Showing 7 changed files with 690 additions and 125 deletions.
diff --git a/backpack/core/derivatives/__init__.py b/backpack/core/derivatives/__init__.py
@@ -5,7 +5,9 @@
     Conv1d,
     Conv2d,
     Conv3d,
+    ConvTranspose1d,
     ConvTranspose2d,
+    ConvTranspose3d,
     CrossEntropyLoss,
     Dropout,
     LeakyReLU,
@@ -21,9 +23,11 @@
 
 from .avgpool2d import AvgPool2DDerivatives
 from .conv1d import Conv1DDerivatives
+from .conv_transpose1d import ConvTranspose1DDerivatives
 from .conv2d import Conv2DDerivatives
-from .conv3d import Conv3DDerivatives
 from .conv_transpose2d import ConvTranspose2DDerivatives
+from .conv3d import Conv3DDerivatives
+from .conv_transpose3d import ConvTranspose3DDerivatives
 from .crossentropyloss import CrossEntropyLossDerivatives
 from .dropout import DropoutDerivatives
 from .elu import ELUDerivatives
@@ -50,7 +54,9 @@
     ReLU: ReLUDerivatives,
     Tanh: TanhDerivatives,
     Sigmoid: SigmoidDerivatives,
+    ConvTranspose1d: ConvTranspose1DDerivatives,
     ConvTranspose2d: ConvTranspose2DDerivatives,
+    ConvTranspose3d: ConvTranspose3DDerivatives,
     LeakyReLU: LeakyReLUDerivatives,
     LogSigmoid: LogSigmoidDerivatives,
     ELU: ELUDerivatives,

diff --git a/backpack/core/derivatives/conv_transpose1d.py b/backpack/core/derivatives/conv_transpose1d.py
@@ -0,0 +1,137 @@
+"""Partial derivatives for `torch.nn.ConvTranspose1d`."""
+
+import torch
+from torch.nn import ConvTranspose1d
+from torch.nn.functional import conv1d
+
+from backpack.core.derivatives.basederivatives import BaseParameterDerivatives
+from backpack.utils.conv_transpose import unfold_by_conv_transpose
+from backpack.utils.ein import eingroup
+
+
+class ConvTranspose1DDerivatives(BaseParameterDerivatives):
+    def get_module(self):
+        return ConvTranspose1d
+
+    def hessian_is_zero(self):
+        return True
+
+    def _bias_jac_t_mat_prod(self, module, g_inp, g_out, mat, sum_batch=True):
+        N_axis, L_axis = 1, 3
+        axes = [L_axis]
+        if sum_batch:
+            axes = [N_axis] + axes
+
+        return mat.sum(axes)
+
+    def _bias_jac_mat_prod(self, module, g_inp, g_out, mat):
+        # expand for each batch and for each channel
+        N_axis, L_axis = 1, 3
+        jac_mat = mat.unsqueeze(N_axis).unsqueeze(L_axis)
+
+        N, _, L_out = module.output_shape
+        return jac_mat.expand(-1, N, -1, L_out,)
+
+    def _weight_jac_mat_prod(self, module, g_inp, g_out, mat):
+        V = mat.shape[0]
+        G = module.groups
+        C_in = module.input0.shape[1]
+        _, _, K_X = module.weight.shape
+        N, C_out, L_out = module.output.shape
+
+        mat_reshape = mat.reshape(V, C_in, G, C_out // G, K_X)

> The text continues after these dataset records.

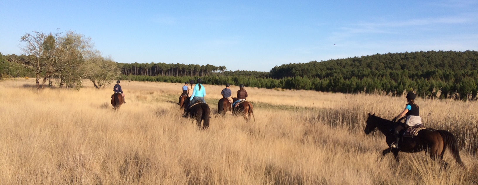 Randonnée dans la Haute Lande avec de nombreux galops en direction de Mézos pour déjeuner.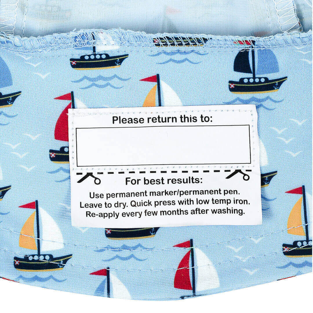 For little lovers of the deep blue sea, these cute sailboards with white, blue, yellow and red sails need a Marine or Slate rash vest and striped swim shorts to complete the look! Available in Legionnaire, Classic Bucket and Wet Bag.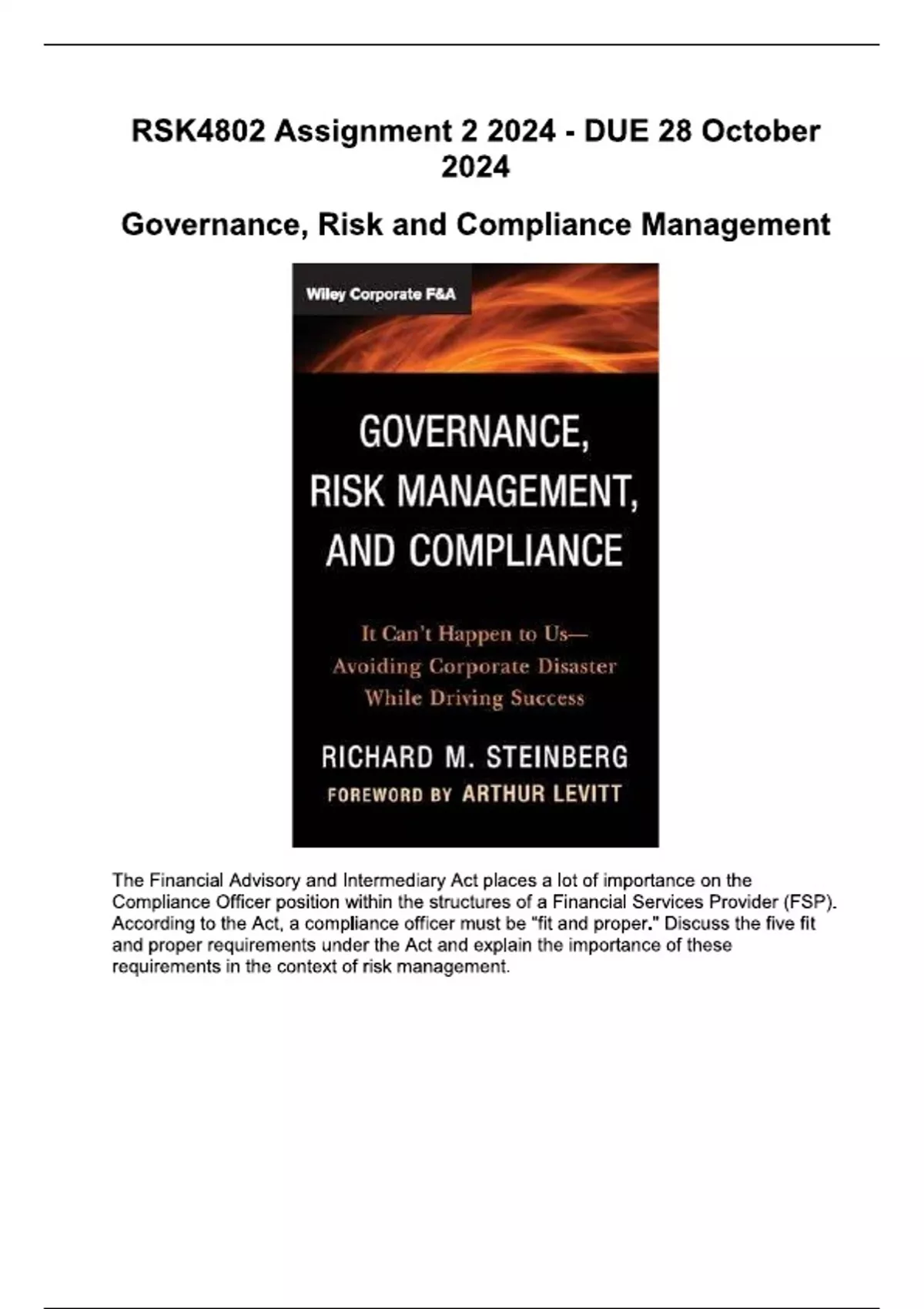 RSK4802 Assignment 2 2024 - DUE 28 October 2024 allanswered
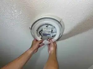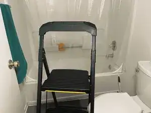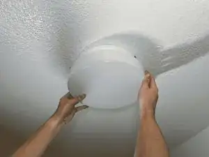 Установите устойчивую стремянку под светильником. Для выполнения этой замены вам потребуется дотянуться до потолка, поэтому убедитесь, что вы не упадёте при работе на высоте.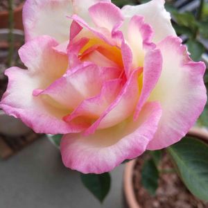 鉢植えのバラ プリンセスドゥモナコが咲いています。白地にピンクの覆輪の美しい花型のバラです。一番のお気に入りのバラです。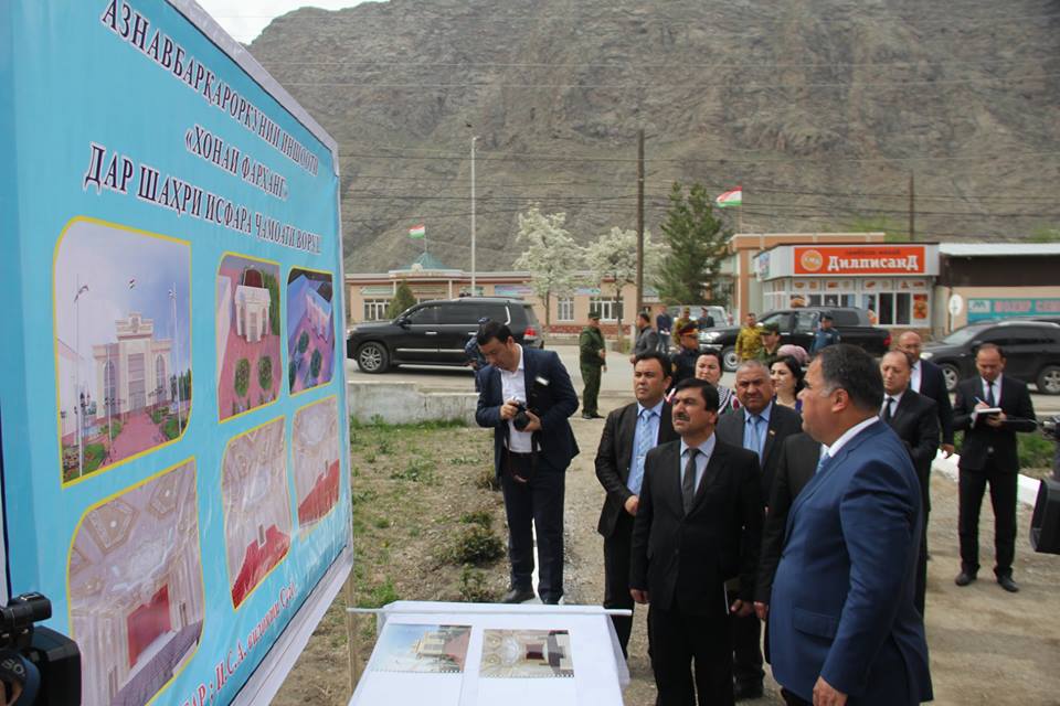 Председатель области также дал старт строительству спортивного зала на 200 мест в селе Калъача джамоата Ворух. По проекту здесь же будет построено новое здание джамоата и площадь национального флага.

+        u = unfold_by_conv_transpose(module.input0, module).reshape(
+            N, C_in // G, G, K_X, L_out
+        )
+
+        jac_mat = torch.einsum("nigxl,vigox->vngol", u, mat_reshape)
+
+        return self.reshape_like_output(jac_mat, module)
+
+    def ea_jac_t_mat_jac_prod(self, module, g_inp, g_out, mat):
+        _, C_in, L_in = module.input0.size()
+        in_features = C_in * L_in
+        _, C_out, H_out = module.output.size()

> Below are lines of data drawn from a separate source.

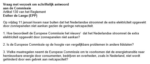 Schriftelijke vragen gesteld aan @EU_Commission n.a.v. het nieuws dat het Nederlandse stroomnet de extra elektriciteit opgewekt door zonnepanelen niet aan lijkt te kunnen op sommige plekken.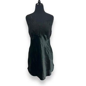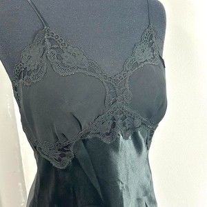 Black slip with lace and mesh bust, silky body. Gold tag estimated from the 80s/90s.
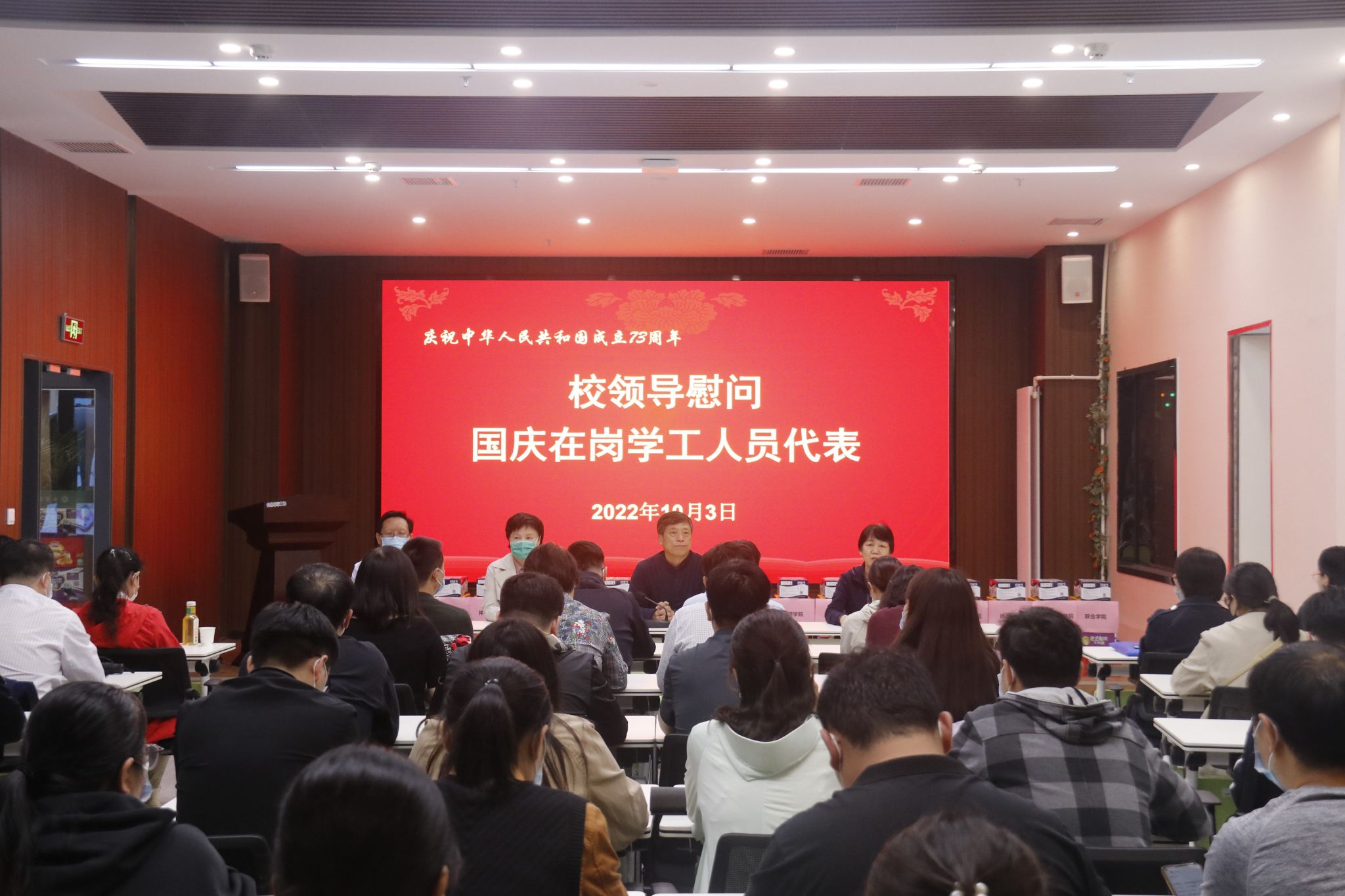 本网讯(文/岳颀 图/姚湘)2022年10月3日晚,在庆祝中华人民共和国成立73周年之际,校长许二平,校党委委员、副校长田力带着节日的祝福和慰问品冒雨深入龙子湖校区看望慰问坚守在学生工作岗位一线的工作人员,并在远志学堂举行座谈会。座谈会由学工部部长、学生处处长李俊芝主持。

+        out_features = C_out * H_out
+
+        mat = mat.reshape(out_features, C_out, H_out)
+        jac_t_mat = self.__jac_t(module, mat).reshape(out_features, in_features)
+
+        mat_t_jac = jac_t_mat.t().reshape(in_features, C_out, H_out)

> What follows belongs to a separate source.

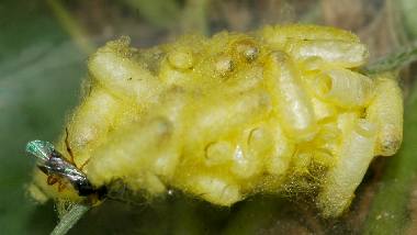 (参考) 寄生(アオムシコマユバチ) 2004年5月23日 大阪府豊能町初谷産 大阪市淀川区飼育 ベランダ下に置いてある鉢で飼っていた幼虫の成長が悪いように思っていましたが、アオムシコマユバチの幼虫が出てきて近くに繭を作りました。アオムシコマユバチはスジグロシロチョウにはあまり寄生しないそうなので、このチョウは、やはりエゾスジグロシロチョウの可能性が非常に高くなりました。 トップページへ |

+        jac_t_mat_t_jac = self.__jac_t(module, mat_t_jac).reshape(
+            in_features, in_features
+        )
+
+        return jac_t_mat_t_jac.t()
+
+    def _weight_jac_t_mat_prod(self, module, g_inp, g_out, mat, sum_batch=True):
+        V = mat.shape[0]
+        G = module.groups
+        N, C_out, L_out = module.output.shape
+
+        mat_reshape = mat.reshape(V, N, G, C_out // G, L_out)
+
+        C_in = module.input0.shape[1]
+        _, _, K_X = module.weight.shape
+
+        u = unfold_by_conv_transpose(module.input0, module).reshape(
+            N, C_in // G, G, K_X, L_out
+        )
+
+        result_str = "vigox" if sum_batch else "vnigox"
+        equation = "nigxl,vngol->{}".format(result_str)
+
+        final_shape = (
+            (V, *module.weight.shape) if sum_batch else (V, N, *module.weight.shape)
+        )
+
+        return torch.einsum(equation, u, mat_reshape).reshape(final_shape)
+
+    def _jac_mat_prod(self, module, g_inp, g_out, mat):
+        mat_as_conv = eingroup("v,n,c,l->vn,c,l", mat)
+        jmp_as_conv = self.__jac(module, mat_as_conv)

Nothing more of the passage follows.